As I put my reavings along with theirs, Felicia looked at the medicine chest and screamed. Soon, they were all crowding around the mirror, mumbling about what an incredible piece of magic it was. I was the longest time getting them calmed down, trying in my poor Westronese to explain that it was only a simple device, with nothing unholy about it. They eventually relaxed, but they never believed that it wasn’t magic. In their eyes, I had become a mighty sorcerer.

“Well, you never look down on bowl of water? You never see face looked back?” I asked Roxanna.

“Yes, of course, but then water is magic, too.”
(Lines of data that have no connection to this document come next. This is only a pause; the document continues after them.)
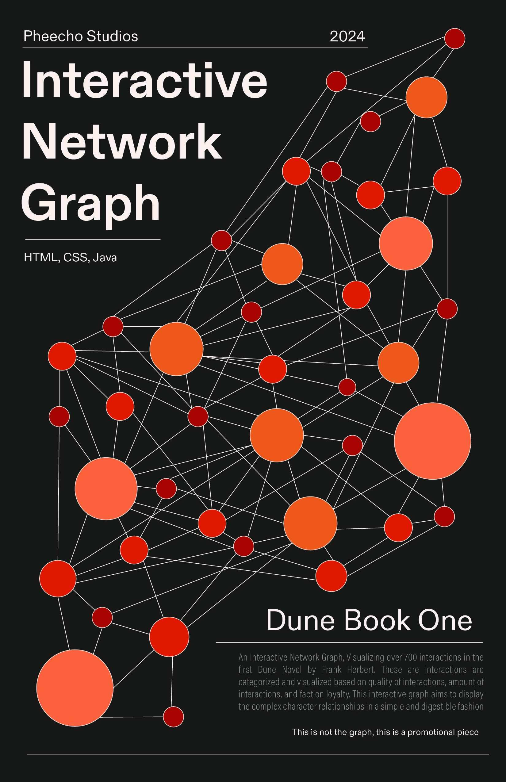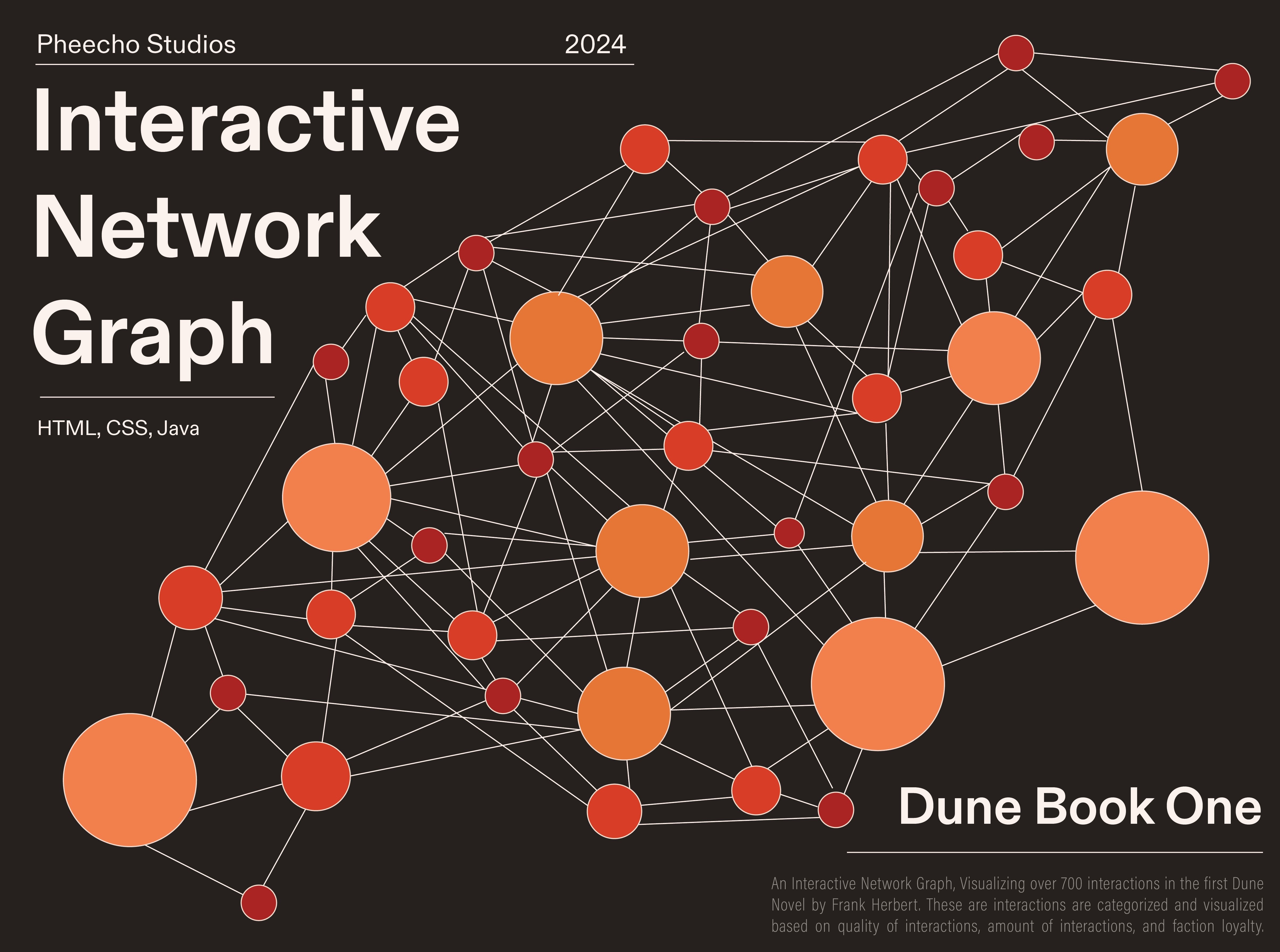 The final product consists of an interactive graph system, featuring a character description tab that appears when a user clicks on a character's dot. A legend and search feature are also included for ease of navigation and reference. Though the design is relatively simple, the system is fully automated using JavaScript, allowing for seamless integration of additional data. This means that, should the project be expanded to include characters and interactions from the other Dune novels, new data can be imported into the system without disruption, and it will automatically adjust and incorporate the additional information into the existing framework.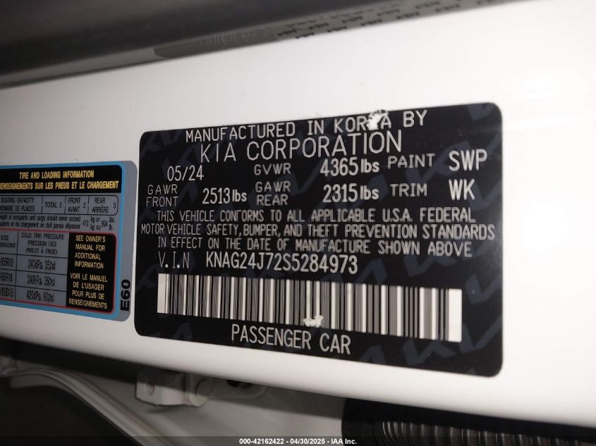 2025 KIA K5 2025 року Бензин, 2.5, Передний привод, vin - KNAG24J72S5****** из США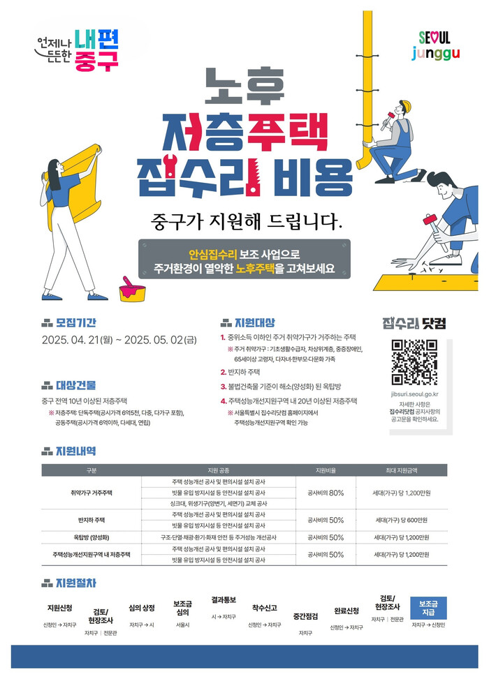 지원을 희망하는 가구는 신청서, 공사견적서 등을 5월2일까지 구청 주택과로 방문해 접수하면 된다. 관련 서식과 자세한 사항은 중구청 홈페이지 고시공고에서 확인할 수 있다.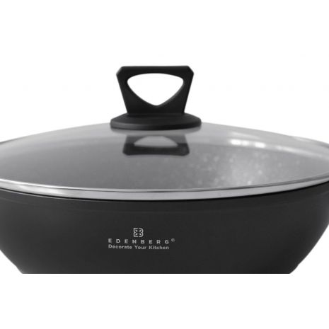 Κατσαρόλα Ρηχή 20cm Αντικολλητική με Επίστρωση Μαρμάρου & Γυάλινο Καπάκι Edenberg, EB-7462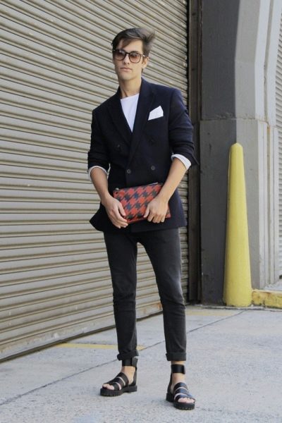 - Стилен младежки облик е лесен за създаване, ако изберете ярка чанта-клъч с обикновен лък с бял дълъг ръкав, двуредно яке, удължено надолу, тесни дънки и сандали. Тъмните очила в масивни рамки допълват визията.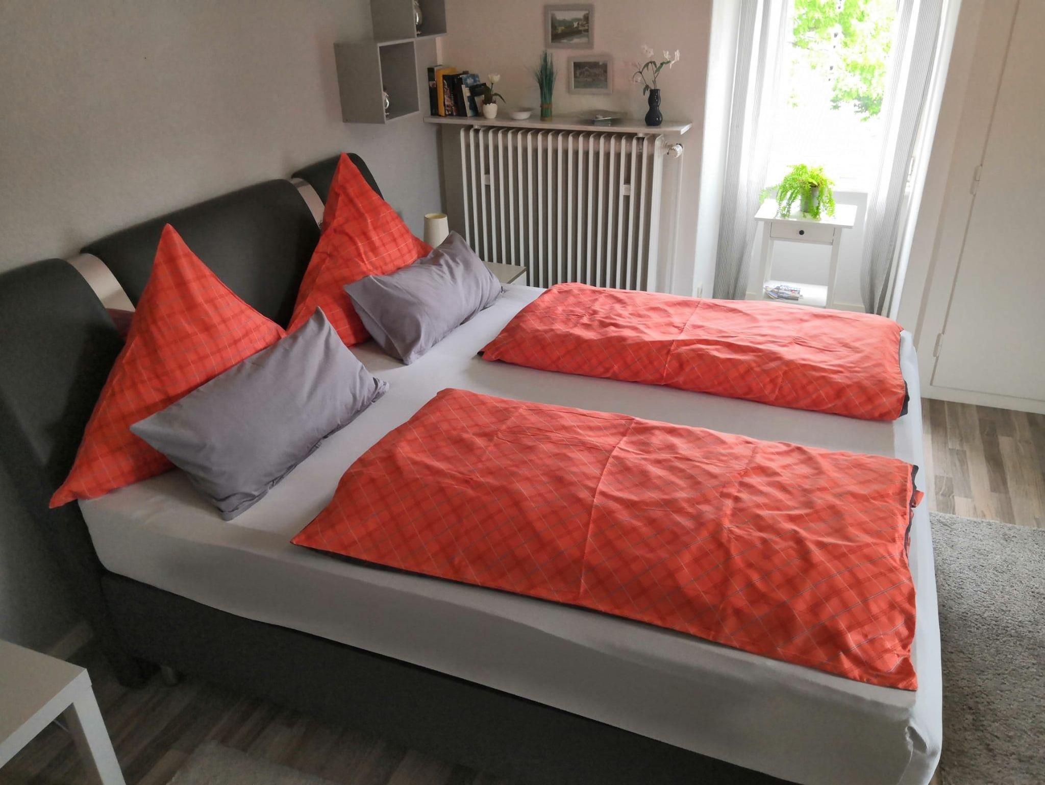 Betten für 2 Personen: ein Doppelbett/Boxspringbett (180x200) im Schlafzimmer. Beim Bedarf kann auf Nachfrage 1 Babyreisebett mit Decke, Kissen und Bettwäsche (0-3 Jahre) mit einmaligem Aufpreis von 15€ zur Verfügung gestellt werden.

I shook my head and went back to scrounging. The local beds were narrow, hard, and lumpy, so when I came across one of the big, queen-sized air mattresses that married couples had used early in the trip, and a sleeping bag to fit it, I put the bag and mattress into the “take it home” pile. I thought a bit, and put a second set of bedding in Adam’s pile, since big people have even more trouble getting comfortable that us ordinary critters. Then I went back a third time and brought over enough air mattresses for our hosts and both sets of servants. They were people, too, no matter what the local mores said.